As connected and autonomous vehicle technologies continue to grow as an engineering field, the University of Michigan’s Center for Connected and Automated Transportation offers a free certificate program to help students at CCAT institutions get started in the industry. Photo: Marcin Szczepankski, Michigan Engineering

Biomedical engineering professors are developing a series of online modules to teach foundations of programming machine learning and AI, such as linear algebra, in applied contexts. Chandrasekaran; Zhongming Liu, an associate professor in the department; and Anne Draelos, an assistant professor, are leading this effort. 

In particular, they aim to provide flexibility and adaptability across different educational backgrounds. The modules will cover fundamental AI and machine learning concepts as applied to specific biomedical engineering challenges, such as applications in neuroscience, imaging and systems biology. These modules are intended for graduate students and professionals, to be updated as AI continues to evolve, with an eye to creating a certificate program.
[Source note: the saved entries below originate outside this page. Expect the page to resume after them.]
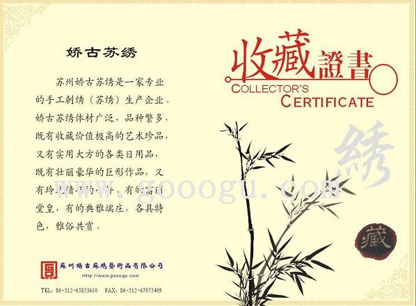 蘇州嬌古蘇繡坐落于蘇州吳中地區(qū),所有產(chǎn)品都是純手工制作,公司集研發(fā)、制作、銷售與一體,在嬌古設(shè)有大型的蘇繡展廳,將行業(yè)內(nèi)高檔的精品蘇繡展現(xiàn)在蘇繡愛好者的面前。今年也是蘇州嬌古蘇繡感到榮幸的一年,今年是中華人民共和國成立64周年,嬌古蘇繡應(yīng)美國孫中山思想研究會會長肖松林的邀請,制作了一副歷史巨作《沁園春 ?!废蚪▏?4周年獻(xiàn)禮。 |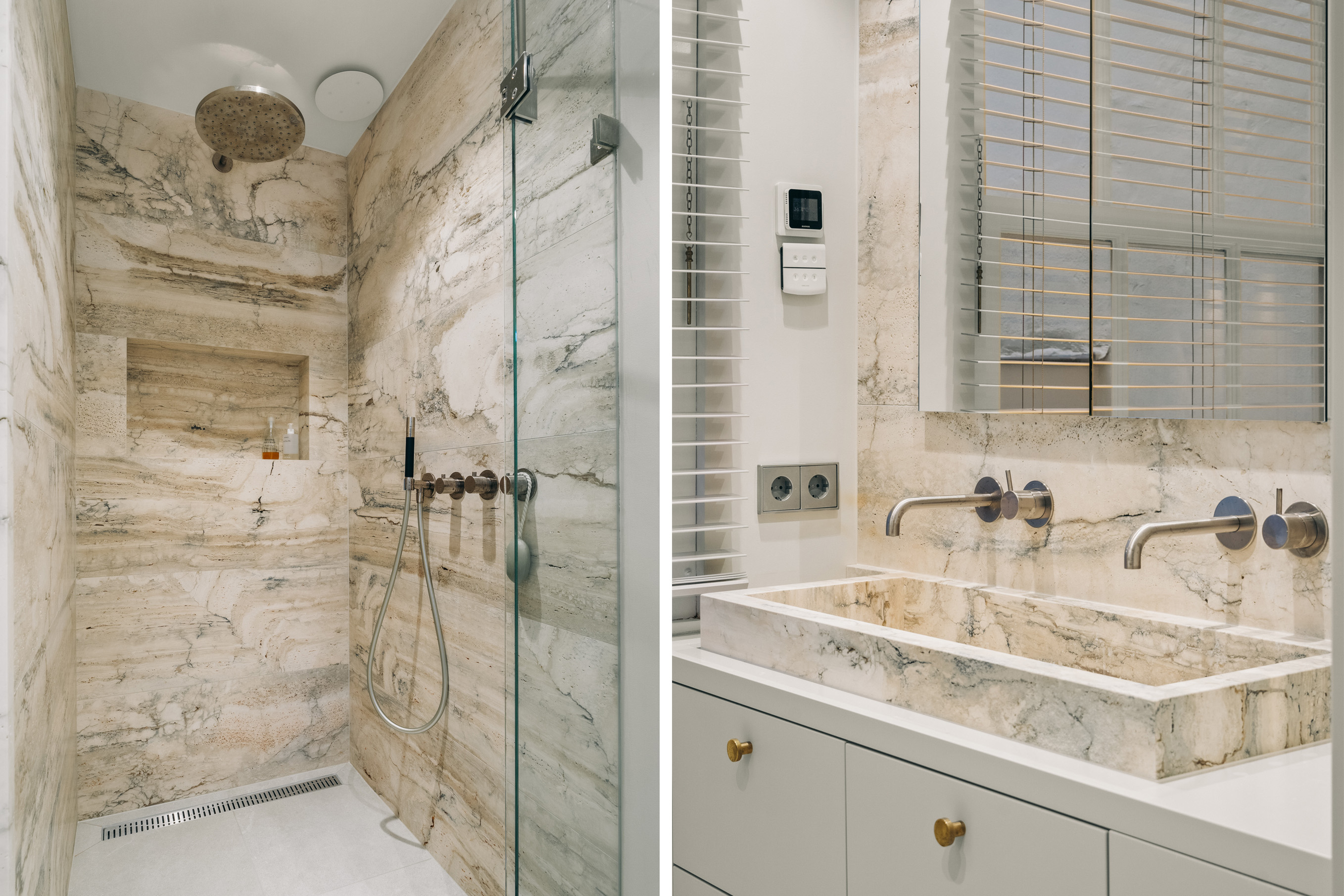 - Sanitary areas finished with travertine walls and ceramic floor tiles;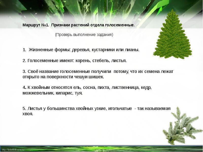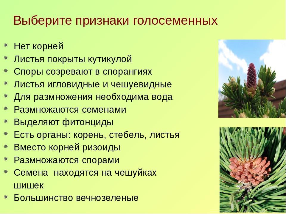 При размножении голосеменные растения производят не споры, а семена, поэтому их относят к семенным растениям. Семенными растениями также являются цветковые, или покрытосеменные, растения. Отличие голосеменных от покрытосеменных связано с тем, что голосеменные не образуют плодов, их семена как бы ничем не покрыты, они лежат на поверхности чешуй шишек. Представителями голосеменных являются ель, сосна, лиственница, кедр и другие растения.

A certificate program offered through the Center for Connected and Automated Vehicles at U-M, provides a 5-module course intended to prepare undergraduate and graduate students to help develop AI for self-driving vehicles. It includes modeling and machine learning methods in addition to topics like cybersecurity, dynamics and control, and legal considerations. 

Teaching beyond U-M, mechanical engineering professor Wei Lu offers a series of three massive open online courses (MOOCs) on Coursera, collectively called AI for mechanical engineers. The modules are AI for autonomous vehicles and robotics, AI for design and optimization, and AI for energy and biomedical applications. Coursera reports more than 1500 enrollments for the series as of publication.

U-M institutes also engage academic professionals with opportunities to learn about AI. The Michigan Institute for Computational Discovery and Engineering hosts an annual workshop on scientific foundation models, and the Michigan Institute for Data Science offers a series of mini-symposia on AI, the last featuring many engineers who are using AI in research.